Black History Month Day 7: The HBCU Medical Schools
Although Howard University College of Medicine and Meharry Medical College are the most well known HBCUs training physicians, there have actually been 15 different medical schools for African Americans, founded between 1868 and 1975.
- Howard University Medical Department, Washington, DC , 1868 –
- Lincoln University medical Department, Oxford, PA, 1870 – 1876
- Straight University Medical Department, New Orleans, LA 1873-1874
- Meharry Medical College, Nashville, TN, 1876-
- Leonard Medical School at Shaw University, Raleigh, NC, 1882-1918
- Flint Medical College of New Orleans University (now Dillard), 1889-1911
- Louisville National medical College, Louisville, KY, 1888-1910
- Hannibal Medical College, Memphis, TN, 1889-1893
- Knoxville College Medical Department, Knoxville, TN ,1895-1910
- State University medical Department, Louisville, KY, 1899-1903,
- Chattanooga National Medical College, Chattanooga, TN, 1899-1904
- University of West Tennessee College of Physician and Surgeons, Jackson, TN, 1900-1923
- Medico-Chirurgical and Theological College of Christ’s Institution, Baltimore, MD, 1900-1908
- Charles R. Drew Medical School, Los Angeles, CA, 1966-
- Morehouse School of Medicine, Atlanta, GA, 1975-
Howard University created the first school.

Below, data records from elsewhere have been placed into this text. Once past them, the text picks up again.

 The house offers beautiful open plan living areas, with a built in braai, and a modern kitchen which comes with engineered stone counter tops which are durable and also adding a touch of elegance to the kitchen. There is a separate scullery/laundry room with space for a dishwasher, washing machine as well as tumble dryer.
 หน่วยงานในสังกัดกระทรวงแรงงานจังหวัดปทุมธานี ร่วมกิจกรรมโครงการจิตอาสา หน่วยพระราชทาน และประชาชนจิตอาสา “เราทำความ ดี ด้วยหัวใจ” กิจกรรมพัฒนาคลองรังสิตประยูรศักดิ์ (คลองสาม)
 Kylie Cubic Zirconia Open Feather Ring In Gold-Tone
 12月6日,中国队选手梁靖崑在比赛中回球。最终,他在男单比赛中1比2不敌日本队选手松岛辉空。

The second was a medical department started at Lincoln University in PA in 1870. Unfortunately it only lasted for 4 years before succumbing to lack of funding. The third was the medical department at Straight University in New Orleans, formed in 1873, which later merged into Dillard University. This school only lasted 1 year. Next was Meharry Medical College. Meharry was a department in the now defunct Central Tennessee College. It was started with a $15,000 endowment from Samuel Meharry in 1876. The school expanded and developed a dental branch, a pharmacy extension and later an allied health department. The Leonard Medical School at Shaw University started in 1882 was a relatively successful school, graduating nearly 400 doctors until its closing in 1918. Flint Medical College graduated over 100 doctors between 1889 and 1911. Louisville National Medical College also graduated over 100 doctors. In comparison, the Hannibal Medical College, only graduated 5 students before it was closed 4 years after it opened. The school at the University of West Tennessee was extremely poorly regarded. Although it granted 150 medical diplomas, 46 states, including Tennessee, refused to recognize its graduates. It closed in 1923. Little is known about Medico-Chirurgical and Theological College of Christ’s Institution, other than its existence in Baltimore, MD between 1900 and 1908.

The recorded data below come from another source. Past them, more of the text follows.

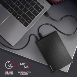 AXAGON ALINEbox je idealna izbira za zaščito in odlično zmogljivost vašega HDD. Omogoča hiter in enostaven prenos podatkov zahvaljujoč podpori UASP in USB 3.2 Gen 1. Odlično odvajanje toplote zagotavlja aluminijasta konstrukcija, ki prispeva tudi k skupni mehanski zaščiti diska.
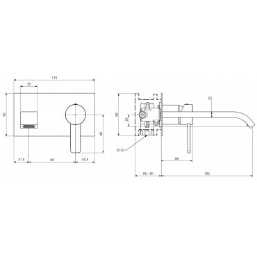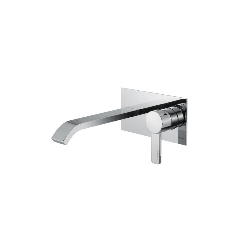 Mezclador monomando de pared con placa única y caño de 19 cm, con cartucho de 35 mm.
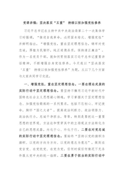 / 【七哥公文】2025年:党课讲稿:坚决落实“五重” 持续以恒加强党性修养+更多免费公文+VX:QiGeGongWen2024
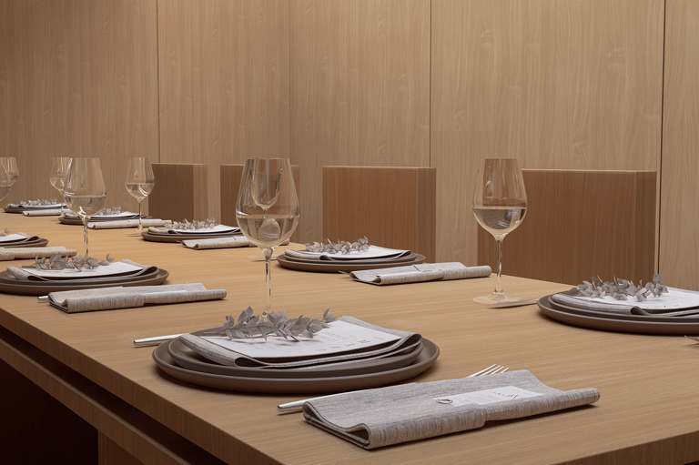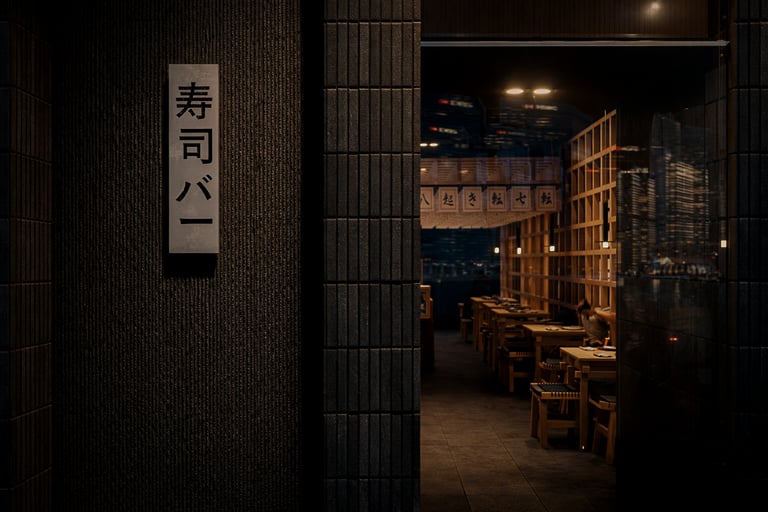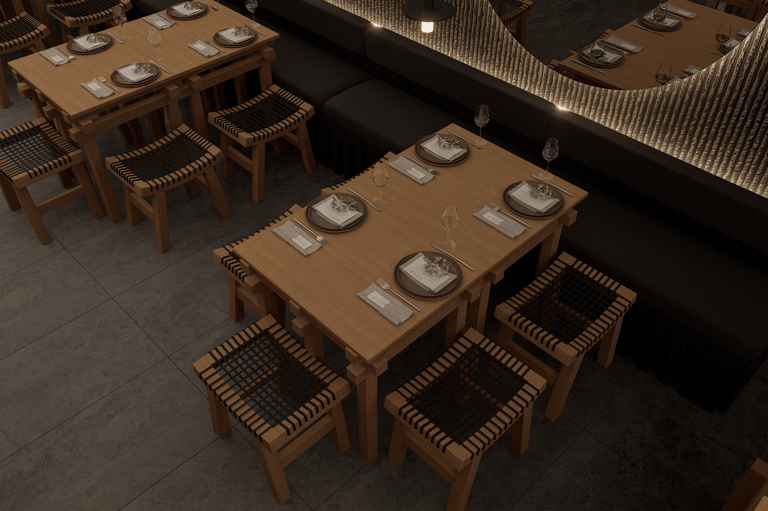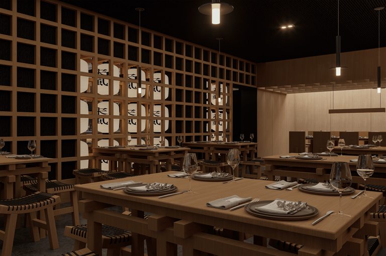 El espacio se organiza en tres momentos: el salón principal, la barra de sushi y un comedor más íntimo al fondo. En el salón, mesas macizas de madera sólida y bancos tejidos con acentos oscuros transmiten robustez y honestidad material. La disposición ordenada y simétrica refuerza la idea de disciplina y precisión, valores asociados tanto a la cocina japonesa como a la alta gastronomía.

In 1904 the American Medical Association created the Council on Medical Education (CME) whose objective was to restructure American medical education. At its first annual meeting, the CME adopted two standards: one laid down the minimum prior education required for admission to a medical school, the other defined a medical education as consisting of two years training in human anatomy and physiology by two years of clinical work in a teaching hospital. In 1908, the CME asked the Carnegie Foundation to survey American medical education, so as to promote the CME’s reformist agenda and hasten the elimination of medical schools that failed to meet the CME’s standards. In 1910, The Carnegie Foundation commissioned Abraham Flexner to study medical institutions in the US and Canada. The Flexner Report examined schools in terms of entrance requirements, teaching staff, financial background and learning and medical facilities. And most African-American medical schools were found lacking. In his report he stated: “Of the seven medical schools for negroes in the United States, five are at this moment in no position to make any contribution of value.” From that moment on, the Flint, Leonard, Knoxville, Memphis and Louisville Schools were condemned to a quick death. In contrast, Howard and Meharry were able to secure the necessary funding to bring their schools into compliance with the new standards.
As medical schools have integrated and African-American medical students have more choices, Howard and Meharry have narrowed their focus toward students who are interested in community service and practicing in underserved communities, particularly as primary care physicians. For example, a 2010 study published in the Annals of Internal Medicine noted that Meharry is the fourth largest producer of primary care physicians in the nation.
Two new medical schools have come into being in the 20th century: The Charles Drew University of Medicine and Science in Los Angeles (Watts), CA, founded in 1966 and Morehouse School of Medicine in Atlanta, GA, founded in 1975. These schools, like Howard and Meharry are focused on developing physicians who are interested in practicing in underserved communities.